Extracted entries:
++++++++

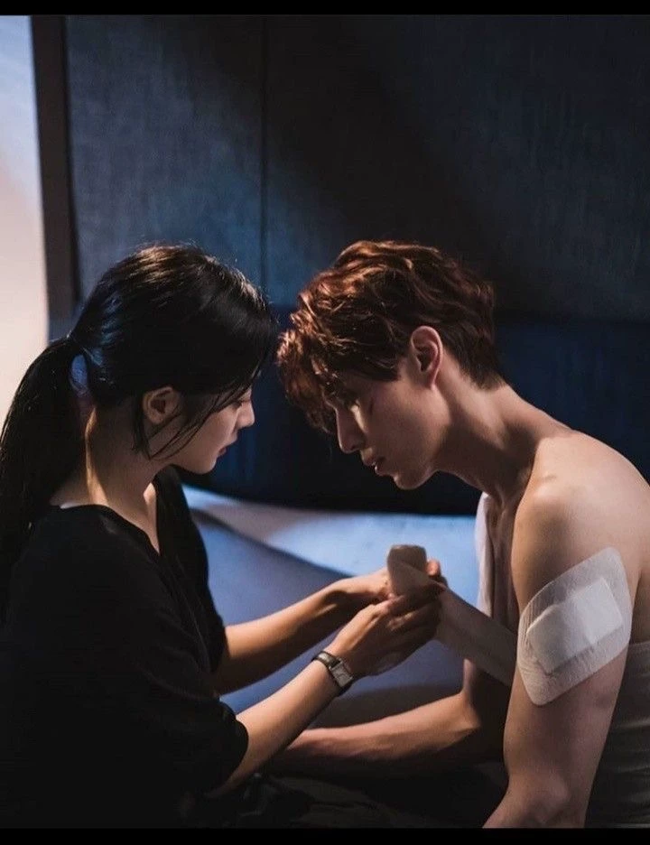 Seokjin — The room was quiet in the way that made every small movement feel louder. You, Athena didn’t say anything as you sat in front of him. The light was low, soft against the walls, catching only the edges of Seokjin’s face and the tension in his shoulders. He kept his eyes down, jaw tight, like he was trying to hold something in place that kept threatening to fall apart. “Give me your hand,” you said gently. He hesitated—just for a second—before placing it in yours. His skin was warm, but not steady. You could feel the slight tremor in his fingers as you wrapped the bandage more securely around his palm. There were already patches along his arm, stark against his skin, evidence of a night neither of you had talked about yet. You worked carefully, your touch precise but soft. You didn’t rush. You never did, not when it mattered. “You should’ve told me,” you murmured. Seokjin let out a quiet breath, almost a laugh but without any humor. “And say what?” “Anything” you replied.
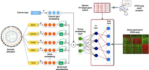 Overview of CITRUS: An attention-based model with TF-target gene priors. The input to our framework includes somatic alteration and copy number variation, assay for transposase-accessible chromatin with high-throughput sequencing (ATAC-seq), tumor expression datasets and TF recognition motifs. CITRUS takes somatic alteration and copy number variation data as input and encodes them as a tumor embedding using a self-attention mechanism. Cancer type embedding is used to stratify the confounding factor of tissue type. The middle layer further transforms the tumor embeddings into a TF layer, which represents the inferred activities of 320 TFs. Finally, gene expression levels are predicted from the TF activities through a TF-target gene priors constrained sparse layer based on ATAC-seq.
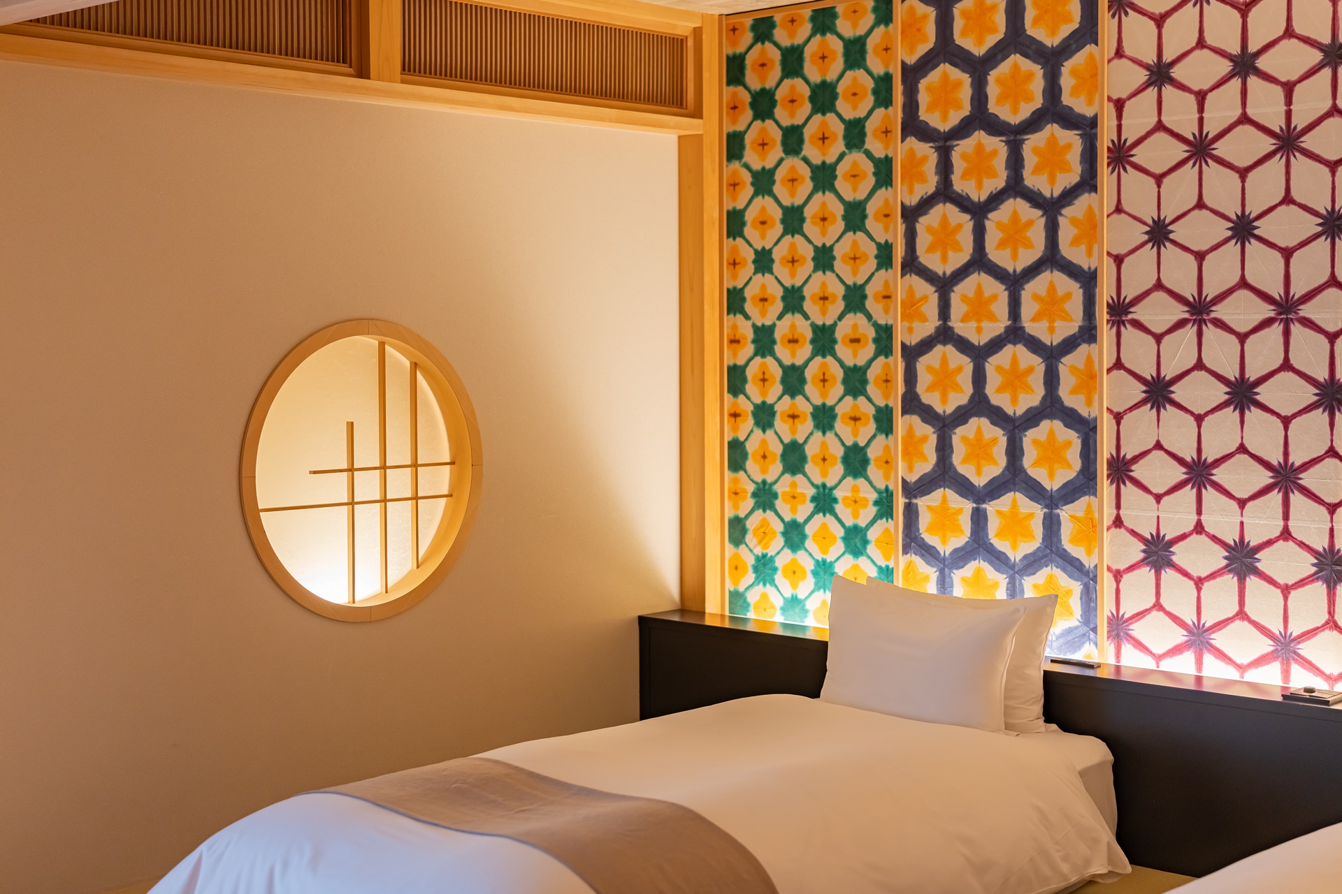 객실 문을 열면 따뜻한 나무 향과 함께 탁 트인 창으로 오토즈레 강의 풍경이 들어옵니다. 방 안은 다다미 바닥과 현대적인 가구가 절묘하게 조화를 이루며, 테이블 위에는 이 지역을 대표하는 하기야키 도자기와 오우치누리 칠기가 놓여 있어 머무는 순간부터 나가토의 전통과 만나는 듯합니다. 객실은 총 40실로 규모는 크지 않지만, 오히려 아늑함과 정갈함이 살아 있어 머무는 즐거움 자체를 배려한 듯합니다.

++++++++

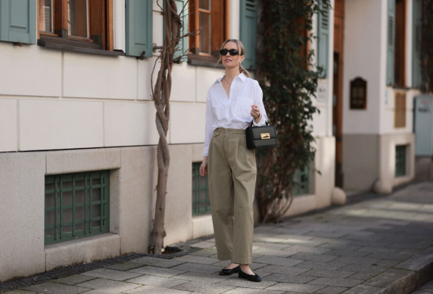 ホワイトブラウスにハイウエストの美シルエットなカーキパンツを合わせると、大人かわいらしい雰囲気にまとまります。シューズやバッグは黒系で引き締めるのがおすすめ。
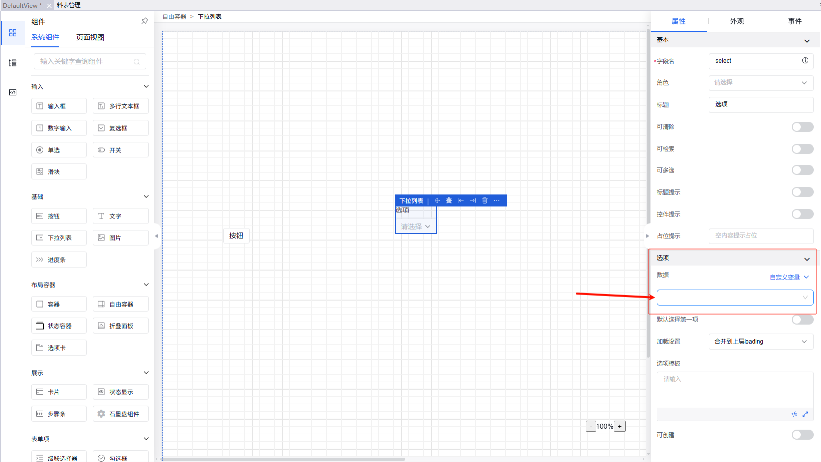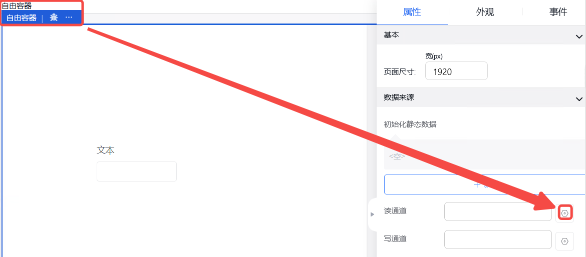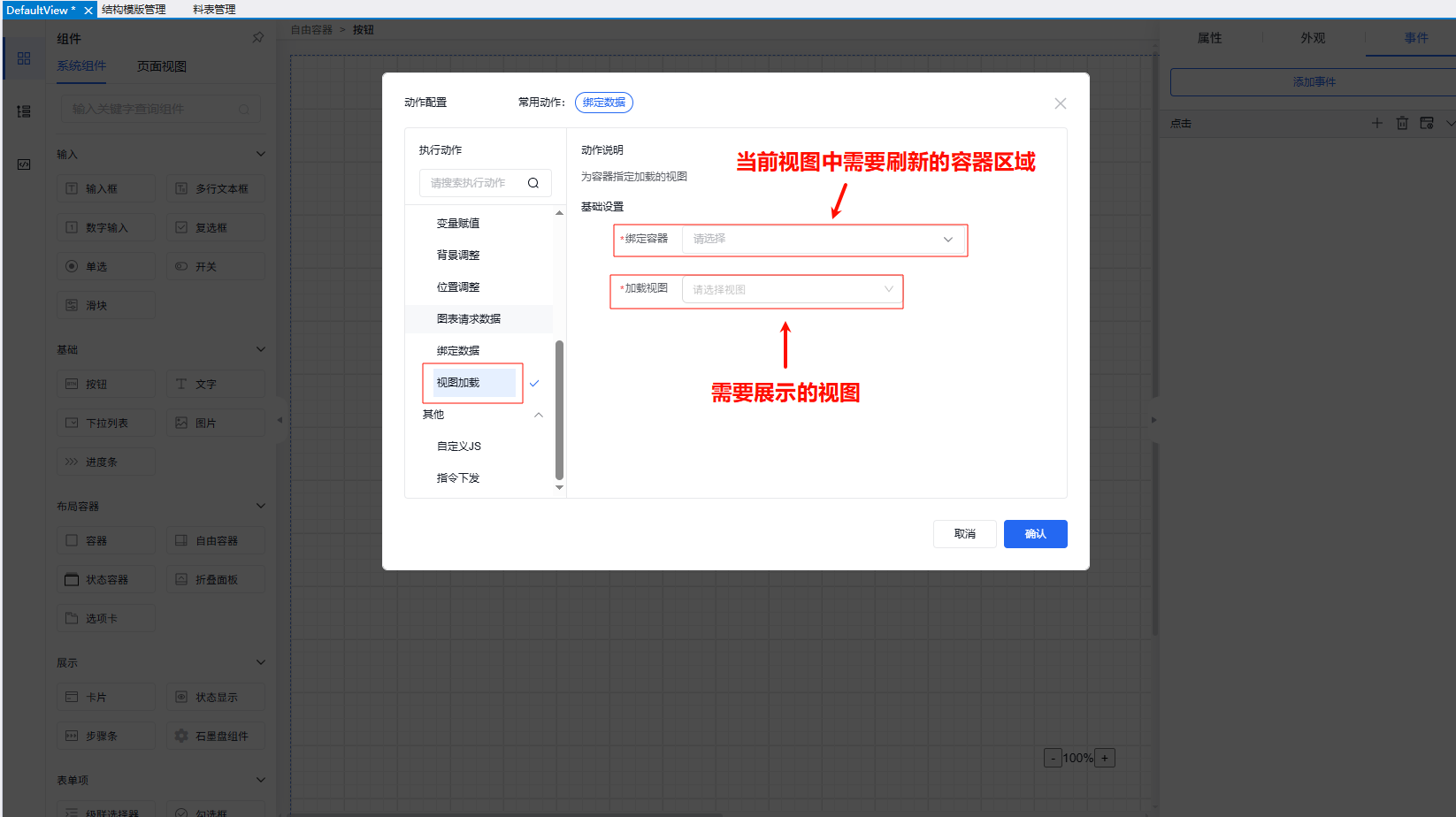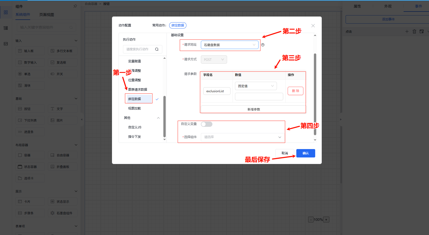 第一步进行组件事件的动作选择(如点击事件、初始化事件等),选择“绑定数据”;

++++++++

Task objective: Look above for the line with "Overview of CITRUS: An" and the line with "객실 문을 열면 따뜻한", then copy exactly the lines from the first through the second, both kept, with no pictures.

Problem solution:
 Overview of CITRUS: An attention-based model with TF-target gene priors. The input to our framework includes somatic alteration and copy number variation, assay for transposase-accessible chromatin with high-throughput sequencing (ATAC-seq), tumor expression datasets and TF recognition motifs. CITRUS takes somatic alteration and copy number variation data as input and encodes them as a tumor embedding using a self-attention mechanism. Cancer type embedding is used to stratify the confounding factor of tissue type. The middle layer further transforms the tumor embeddings into a TF layer, which represents the inferred activities of 320 TFs. Finally, gene expression levels are predicted from the TF activities through a TF-target gene priors constrained sparse layer based on ATAC-seq.
 객실 문을 열면 따뜻한 나무 향과 함께 탁 트인 창으로 오토즈레 강의 풍경이 들어옵니다. 방 안은 다다미 바닥과 현대적인 가구가 절묘하게 조화를 이루며, 테이블 위에는 이 지역을 대표하는 하기야키 도자기와 오우치누리 칠기가 놓여 있어 머무는 순간부터 나가토의 전통과 만나는 듯합니다. 객실은 총 40실로 규모는 크지 않지만, 오히려 아늑함과 정갈함이 살아 있어 머무는 즐거움 자체를 배려한 듯합니다.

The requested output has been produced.